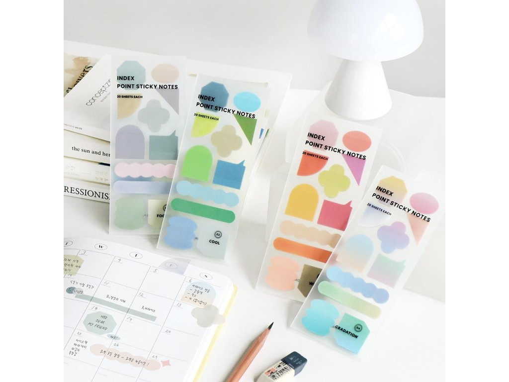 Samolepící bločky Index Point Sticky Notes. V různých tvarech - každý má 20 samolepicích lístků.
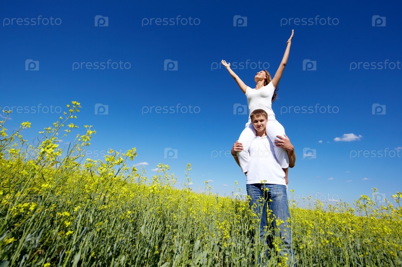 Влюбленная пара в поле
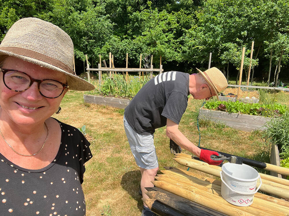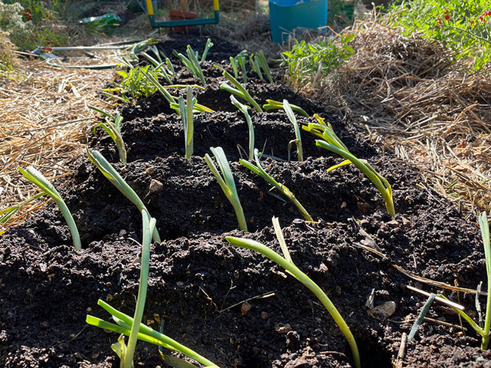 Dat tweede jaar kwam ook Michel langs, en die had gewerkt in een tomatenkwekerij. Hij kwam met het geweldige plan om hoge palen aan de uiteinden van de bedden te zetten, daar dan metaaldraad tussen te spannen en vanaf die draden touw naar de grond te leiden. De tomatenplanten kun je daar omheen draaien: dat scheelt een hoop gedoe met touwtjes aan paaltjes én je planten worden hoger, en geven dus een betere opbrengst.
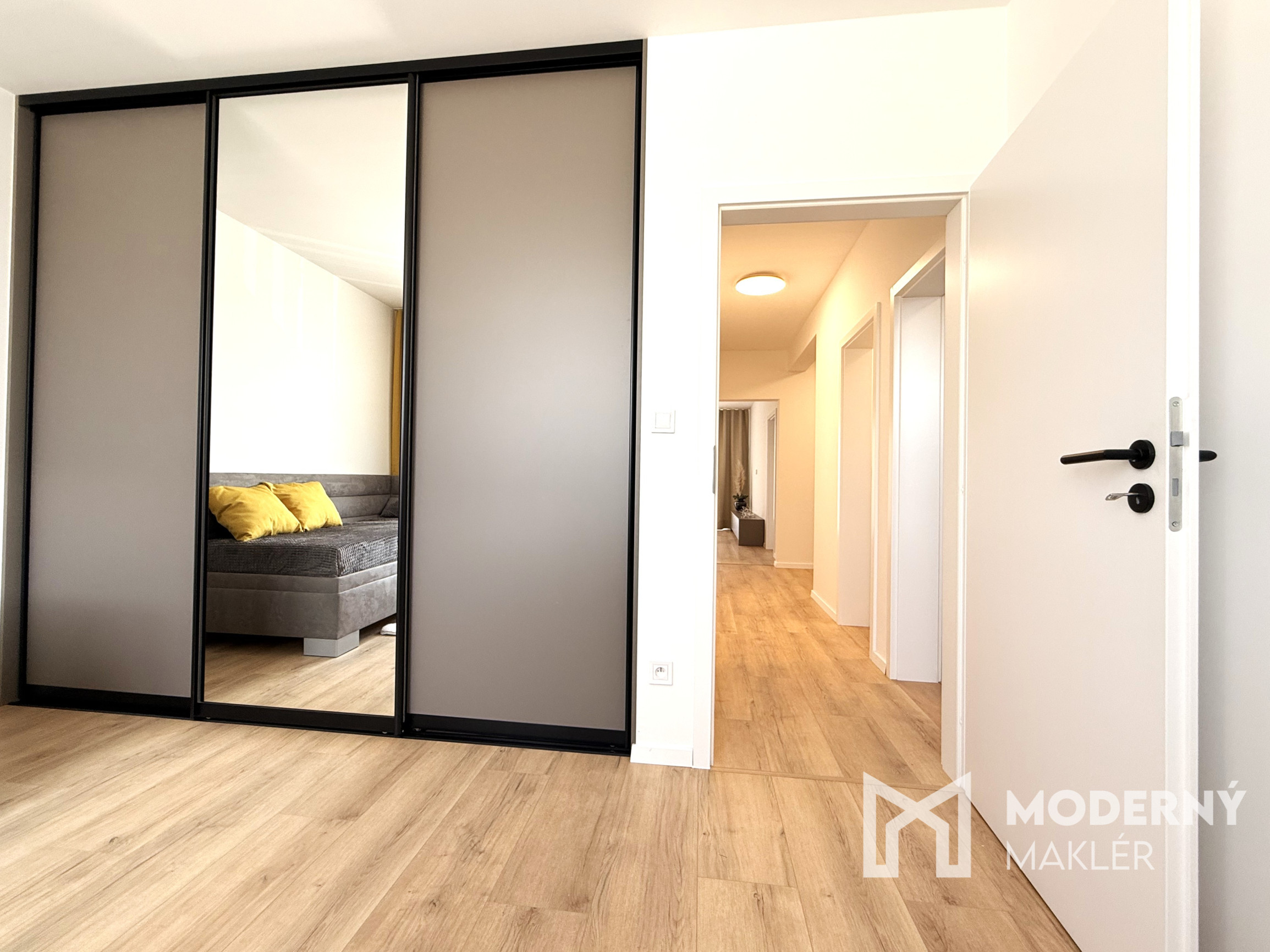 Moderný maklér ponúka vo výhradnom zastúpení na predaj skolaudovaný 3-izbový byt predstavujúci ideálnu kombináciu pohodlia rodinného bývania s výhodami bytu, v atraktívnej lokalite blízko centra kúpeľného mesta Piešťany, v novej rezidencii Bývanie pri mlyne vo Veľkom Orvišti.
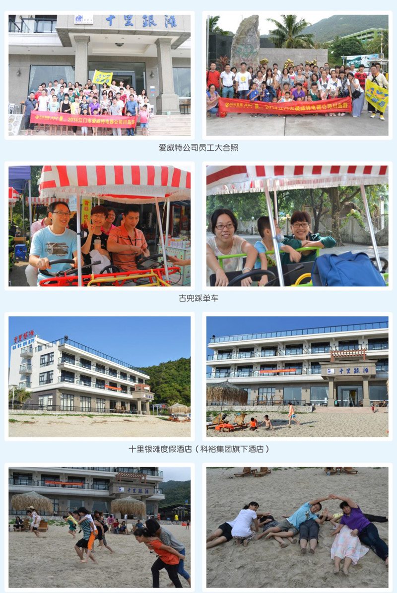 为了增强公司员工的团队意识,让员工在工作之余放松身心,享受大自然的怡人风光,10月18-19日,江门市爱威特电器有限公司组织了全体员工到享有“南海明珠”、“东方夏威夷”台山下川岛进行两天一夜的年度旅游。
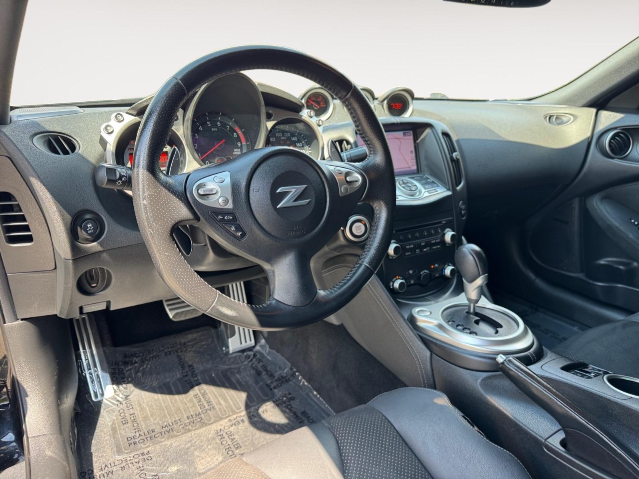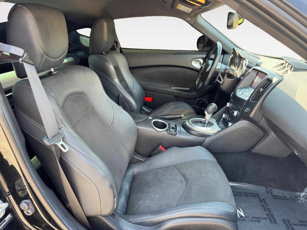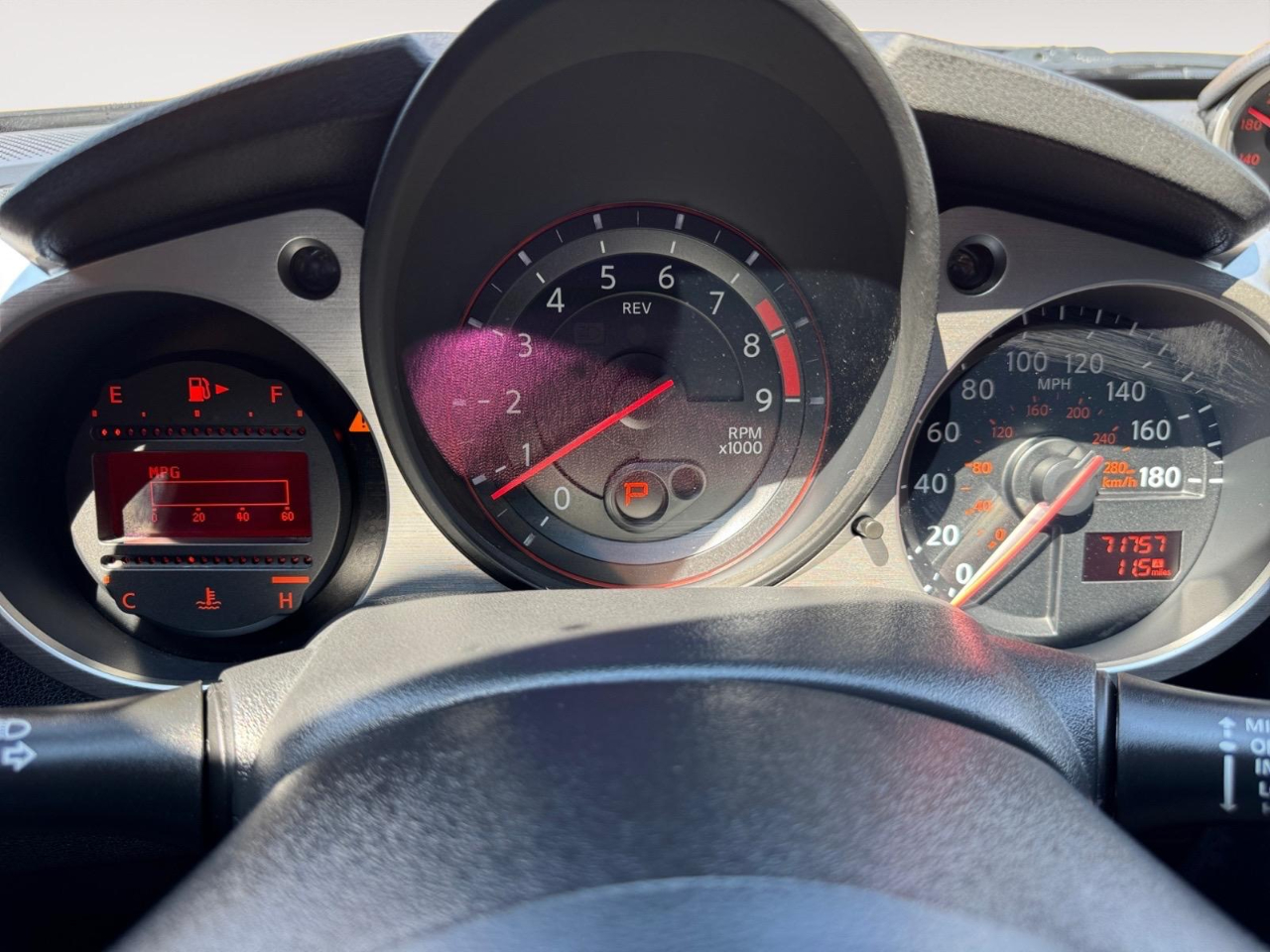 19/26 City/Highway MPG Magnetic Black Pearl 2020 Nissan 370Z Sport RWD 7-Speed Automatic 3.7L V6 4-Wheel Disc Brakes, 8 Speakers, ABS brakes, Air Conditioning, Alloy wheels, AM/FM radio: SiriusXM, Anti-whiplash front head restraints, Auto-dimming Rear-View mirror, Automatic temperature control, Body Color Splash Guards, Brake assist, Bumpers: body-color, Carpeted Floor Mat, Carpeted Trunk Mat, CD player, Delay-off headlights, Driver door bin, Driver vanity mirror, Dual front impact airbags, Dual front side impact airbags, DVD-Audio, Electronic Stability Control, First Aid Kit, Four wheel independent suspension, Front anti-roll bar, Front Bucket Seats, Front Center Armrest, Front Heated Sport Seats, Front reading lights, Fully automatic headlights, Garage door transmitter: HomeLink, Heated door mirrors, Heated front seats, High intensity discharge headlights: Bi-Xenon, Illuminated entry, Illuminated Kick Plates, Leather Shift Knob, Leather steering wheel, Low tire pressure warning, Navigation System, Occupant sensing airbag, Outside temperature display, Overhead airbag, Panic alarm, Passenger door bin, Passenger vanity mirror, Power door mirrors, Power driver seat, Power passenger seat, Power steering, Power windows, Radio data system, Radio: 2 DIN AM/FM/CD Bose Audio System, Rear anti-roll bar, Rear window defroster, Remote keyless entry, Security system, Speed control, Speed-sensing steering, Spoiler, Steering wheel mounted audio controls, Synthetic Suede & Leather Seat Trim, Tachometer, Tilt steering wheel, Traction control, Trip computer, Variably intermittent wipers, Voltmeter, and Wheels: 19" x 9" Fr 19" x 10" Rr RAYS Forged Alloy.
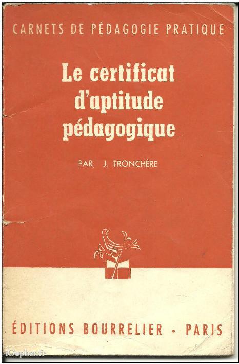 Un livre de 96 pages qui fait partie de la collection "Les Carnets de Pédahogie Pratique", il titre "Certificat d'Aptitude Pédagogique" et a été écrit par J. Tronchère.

> Work to complete
Return word for word the lines of the listing above, starting at the line with "Dat tweede jaar" and ending at the line with "为了增强公司员工的团队意识,让员工在工作", both included. Pictures do not belong in the copy.

> Solved exercise
 Dat tweede jaar kwam ook Michel langs, en die had gewerkt in een tomatenkwekerij. Hij kwam met het geweldige plan om hoge palen aan de uiteinden van de bedden te zetten, daar dan metaaldraad tussen te spannen en vanaf die draden touw naar de grond te leiden. De tomatenplanten kun je daar omheen draaien: dat scheelt een hoop gedoe met touwtjes aan paaltjes én je planten worden hoger, en geven dus een betere opbrengst.
 Moderný maklér ponúka vo výhradnom zastúpení na predaj skolaudovaný 3-izbový byt predstavujúci ideálnu kombináciu pohodlia rodinného bývania s výhodami bytu, v atraktívnej lokalite blízko centra kúpeľného mesta Piešťany, v novej rezidencii Bývanie pri mlyne vo Veľkom Orvišti.
 为了增强公司员工的团队意识,让员工在工作之余放松身心,享受大自然的怡人风光,10月18-19日,江门市爱威特电器有限公司组织了全体员工到享有“南海明珠”、“东方夏威夷”台山下川岛进行两天一夜的年度旅游。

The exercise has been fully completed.